The CRISPR-Cas9 gene editing system just became more convenient. The system’s Cas9 component, a nuisance to incorporate into animal models, is an intrinsic part of a newly developed mouse strain. Created by researchers at the Broad Institute and MIT, the “Cas9 mouse” is expected to simplify in vivo genome-editing experiments, particularly those in which multiple genes and cell types are to be manipulated.
The Cas9 mouse overcomes packaging size limits. No longer will it be necessary to set aside valuable space aboard viruses or nanoparticles, the delivery vehicles of gene editing components, merely to convey the somewhat bulky Cas9 equipment. Instead, viral or nanoparticle vectors can be packed straightaway with strands of guide RNA, which direct Cas9 to DNA targets, making it less necessary to manipulate genes one at a time, or to cross animal models to produce strains possessing the desired traits.
Details about the Cas9 mouse appeared September 25 in the journal Cell, in an article entitled, “CRISPR-Cas9 Knockin Mice for Genome Editing and Cancer Modeling.”
The researchers described how they established a Cre-dependent Cas9 knockin mouse. They demonstrated in vivo as well as ex vivo genome editing using adeno-associated virus (AAV)-, lentivirus-, or particle-mediated delivery of guide RNA in neurons, immune cells, and endothelial cells. And as the titled of their article suggests, the researchers used the Cas9 mouse in a modeling exercise. Specifically, they modeled lung adenocarcinoma.
“Using these mice, we simultaneously modeled the dynamics of KRAS, p53, and LKB1, the top three significantly mutated genes in lung adenocarcinoma,” they wrote. “Delivery of a single AAV vector in the lung generated loss-of-function mutations in p53 and Lkb1, as well as homology-directed repair-mediated KrasG12D mutations, leading to macroscopic tumors of adenocarcinoma pathology.”

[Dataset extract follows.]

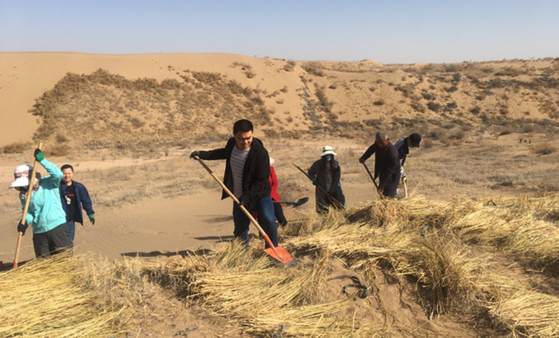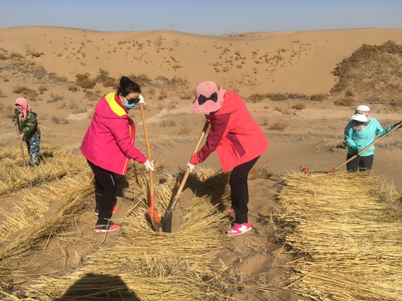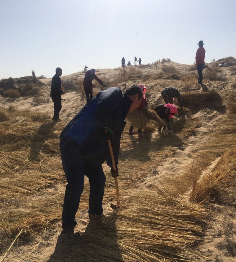 全體壓沙人員不怕吃苦、不怕流汗,爭先恐后投入壓沙勞動(dòng)中。分工合作,有的開溝,有的鋪草,有的壓沙,整齊的麥草方格由一排排向一片片不斷延伸,一個(gè)個(gè)沙丘逐漸被麥草網(wǎng)格牢牢鎖住。
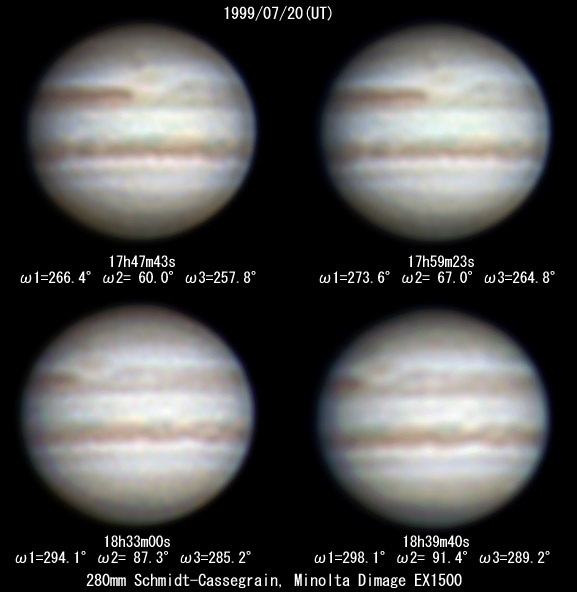 ![]() No. 5 1999/07/20 18:22:40(UT) I=287.8 II= 81.1 III=278.9 De= +3.3゜E.Dia=39.83" |

According to a release issued by MIT, the researchers also found that cells derived from the Cas9 mouse could be extracted for use in lab experiments. The researchers were able to leverage the Cas9-expressing cells to edit immune dendritic cells even after the cells had been removed from the mouse, allowing the researchers to experiment with cells that aren't easily accessible and often lack the shelf life to conduct such experiments.
“As we demonstrated with immune cells, the mouse allows us to experiment with cells that only remain viable for a few days ex vivo by leveraging the fact that they already express Cas9. Absent the expression of Cas9, we would not have sufficient time for the CRISPR system to work its magic,” said Broad core member, MIT associate professor, and paper co-author Aviv Regev, Ph.D.
The release also indicated that the Cas9 mouse has been deposited with The Jackson Laboratory. At the Jackson Lab’s website, a page describing a Cas9 mouse strain estimated that distribution of the strain would commence December 22.
“These CRISPR/Cas9 knockin mice have Cre recombinase-dependent expression of CRISPR associated protein 9 (cas9) endonuclease and EGFP from the mouse endogenous Gt(ROSA)26Sor locus,” the page indicated. “When used in combination with single guide RNAs and a Cre source, they allow editing of single or multiple mouse genes in vivo or ex vivo.”
“The Cas9 mouse allows researchers to more easily perturb multiple genes in vivo,” explained Feng Zhang, Ph.D., an assistant professor at the McGovern Institute for Brain Research at MIT, core member of the Broad Institute, and co-senior author of the Cell paper. “The goal in developing the mouse was to empower researchers so that they can more rapidly screen through the long list of genes that have been implicated in disease and normal biological processes.”